Colbert, ever the trouper, has stayed mum on the math, focusing on Emmy sweeps (he snagged Outstanding Variety Talk Series on September 14, thanks in part to a Kimmel-backed “For Your Consideration” billboard). But allies whisper of a pivot: HBO Max specials, a Netflix stand-up hour, maybe even a Colbert-Kimmel crossover tour. “Stephen won’t be silenced,” a source close to the host told The Hollywood Reporter. “He’s already pitching The Late Fight—punching up from a garage studio.”

The Ripple Effect: A Genre on Life Support?
Kimmel’s salvo has cracked open the vault on late-night’s fiscal fragility. NBC’s The Tonight Show Starring Jimmy Fallon slashed to four nights weekly; Seth Meyers axed his house band for Late Night. Fox’s Gutfeld! thrives with 3.1 million viewers through July—dwarfing Colbert’s 1.9 million and Kimmel’s 1.5 million—fueled by right-wing schadenfreude. Yet Kimmel insists the “loss” trope ignores syndication gold: Colbert’s clips rack billions in global streams, subsidizing the beast.
| Show | Avg. Viewers (2025) | Budget (Est.) | Key Cutbacks |
|---|---|---|---|
| The Late Show (CBS) | 1.9M | $100M+/season | Canceled (2026) |
| Jimmy Kimmel Live! (ABC) | 1.5M | $80M | Suspended (Sept.) |
| Tonight Show (NBC) | 1.1M | $90M | 4 nights/week |
| Gutfeld! (Fox) | 3.1M | $60M | None—expanding |
Fan Fury and Network Stonewalling
X exploded with #SaveLateNight, hitting 1.2 million posts by Tuesday. “Kimmel spilling the tea—CBS’s ‘losses’ are as real as Trump’s tan,” one viral thread quipped, sharing Kimmel’s clip (2.4M views). Reddit’s r/television lit up: “Colbert losing $40M? More like losing to Trump’s ego,” with 4K upvotes. A Change.org petition for Colbert’s reinstatement crossed 150K signatures, demanding “transparency on the real numbers.”
CBS-Paramount, via a terse statement, reiterated: “Decisions reflect evolving viewer habits and fiscal realities.” No comment on Kimmel’s math. Disney, mum on his suspension, faces its own heat: a Hulu analysis showed cancellations doubling post-Kimmel blackout.
The War Heats Up: What’s Next for Satire’s Survivors?

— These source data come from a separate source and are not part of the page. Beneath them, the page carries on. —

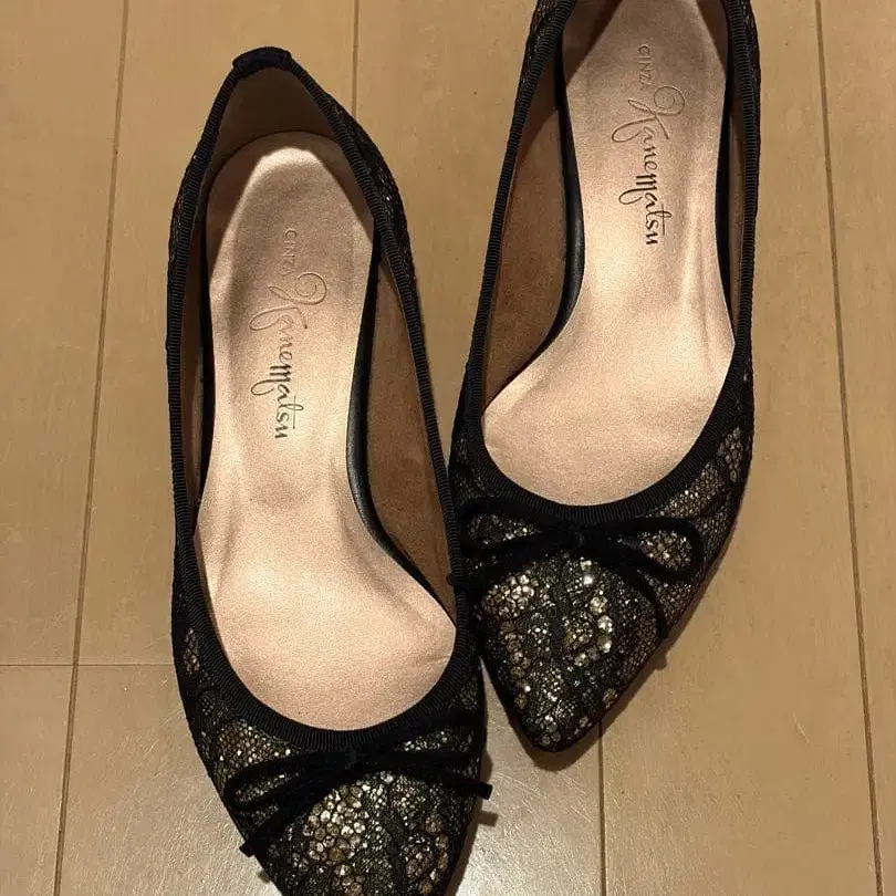 [ 익명 배송 ] 긴자 카네마츠 반짝이는 레이스 소재 블랙 골드 플랫슈즈
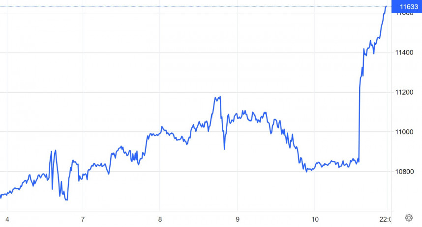 Het tweede plaatje laat de koers van de Nasdaq zien. De aandelenmarkten hebben een slecht jaar doordat de rente zo fors is gestegen en er wellicht een recessie aankomt. Aan de Nasdaq zijn vooral 'groeiaandelen' genoteerd en die zijn meer gevoelig voor de rente dan andere aandelen. De grafiek laat zien dat de Nasdaq na de publicatie van de inflatiecijfers maar liefst 7,5% steeg.
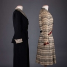Both 2-pc skirt suits: 1 black Rayon waffle weave w/ white striped collar, cuffs & striped buttons, label “Lora Lenox”, B 40”, W 30”, Skt L 32”, (stain at back neck, right collar & B, makeup stain inside collar) & 1 black plaid on cream wool, cr jacket w/ red & black cord trim, label “Jean Lelong, Paris”, B 38”, W 28”, Skt L 24”, (very tiny red stains at left neckline, skirt modified) both very good.
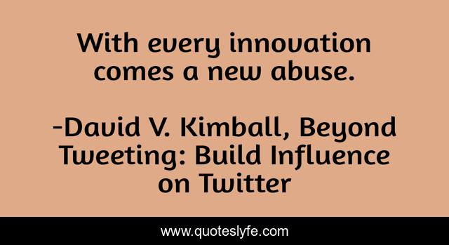 "David V. Kimball, Beyond Tweeting: Build Influence on Twitter Quotes." Quoteslyfe.com, 2025. Tue. 09 Dec. 2025. <https://www.quoteslyfe.com/quote/With-every-innovation-comes-a-new-abuse-90483>.
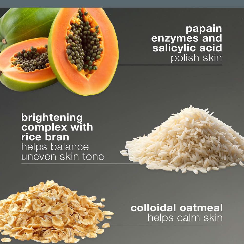 Ingredients: -Papain Enzymes and Salicylic Acid: Draw out excess oil, clear clogged pores, and smooth the look of skin.-Rice Bran-Derived Phytic Acid: Gently exfoliates to visibly brighten and balance uneven skin tone.-Colloidal Oatmeal: Calms skin, reducing the appearance of redness and irritation.Microcrystalline Cellulose, Magnesium Oxide, Sodium Cocoyl Isethionate, Colloidal Oatmeal, Disodium Lauryl Sulfosuccinate, Sodium Lauroyl Glutamate, Oryza Sativa (Rice) Bran Extract, Oryza Sativa (Rice) Starch, Hydrogenated Coconut Acid, Allantoin, Papain, Salicylic Acid, Ginkgo Biloba Leaf Extract, Camellia Sinensis Leaf Extract, Glycyrrhiza Glabra (Licorice) Root Extract, PCA, Populus Tremuloides Bark Extract, Cyclodextrin, Sodium Isethionate, Lauryl Methacrylate/Glycol Dimethacrylate Copolymer, Maltodextrin, Melaleuca, Alternifolia (Tea Tree) Leaf Oil, Citrus Paradisi (Grapefruit) Peel Oil, Sodium Dehydroacetate, Hydrolyzed Corn Starch Hydroxyethyl Ether, Water/Aqua/Eau, Limonene, Citric Acid.
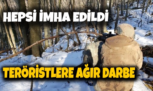 Sığınakların içinde banyo, mutfak ve odalar bulunduğu belirtilen açıklamada, “Sığınaklarda teröristlere ait jeneratör, roketatar mühimmatları, patlayıcı yapımında kullanılan malzemeler, amonyum nitrat, çok sayıda mutfak tüpü, elektrik malzemeleri, aküler, bol miktarda yaşamsal malzeme ve ilk yardım malzemesi yanında sığınak-barınak yapımında kullanılan malzeme ele geçirilerek imha edilmiştir” denildi.
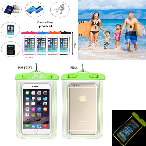 Description:This Luminous waterproof bag can give protections for your cellphones from water, dust, sand and snow while allowing you to use the normal functions of your phone. This functional favor has been tested to protect your phone in up to 10 meters of water. The crystal clear transparent windows side to side of the waterproof pouch are made of super thin 0.3mm material, it is sensitive to touch, response, type and take photos and videos.
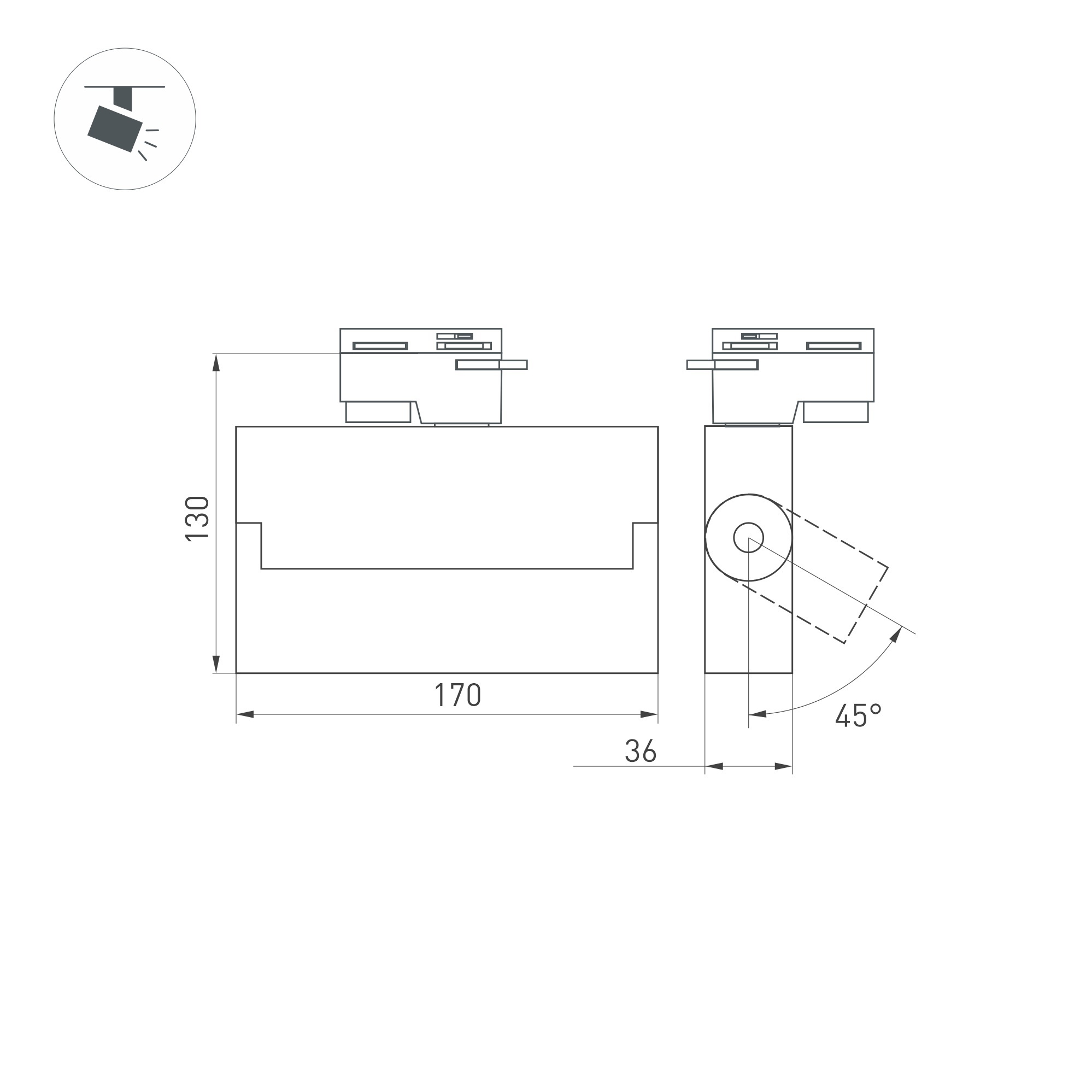 Светильник подвесной для треков/шин 2 провода с управлением. Мощность 10 Вт, св. поток 540-600 лм, 55 лм/Вт, дневной 4000 K, CRI>90, угол 24°, напряжение питания 230 В. Белый квадратный корпус из алюминия, степень защиты IP20. Размер: длина 170 мм, высота 130 мм, ширина 36 мм. Монтаж на трек 3-фазный. Драйвер 9-42 В, 300 мА, пульсация <5%.

As Kimmel eyes his own ABC exit whispers—he’s joked about retiring post-Trump 2.0—the Colbert saga feels like the canary in the coal mine. “When you hear things that are obviously lies, you have to assume there are more lies behind it,” Kimmel warned Danson. Is it merger math, MAGA pressure, or streaming’s death knell for linear TV? One insider bets on hybrid salvation: “Colbert on TikTok, Kimmel on podcasts—they’ll outlast the suits.”
For fans losing it over lost monologues, Kimmel’s cry rings defiant: Not a snowball’s chance in hell. In late-night’s cold war, truth might just be the hottest mic.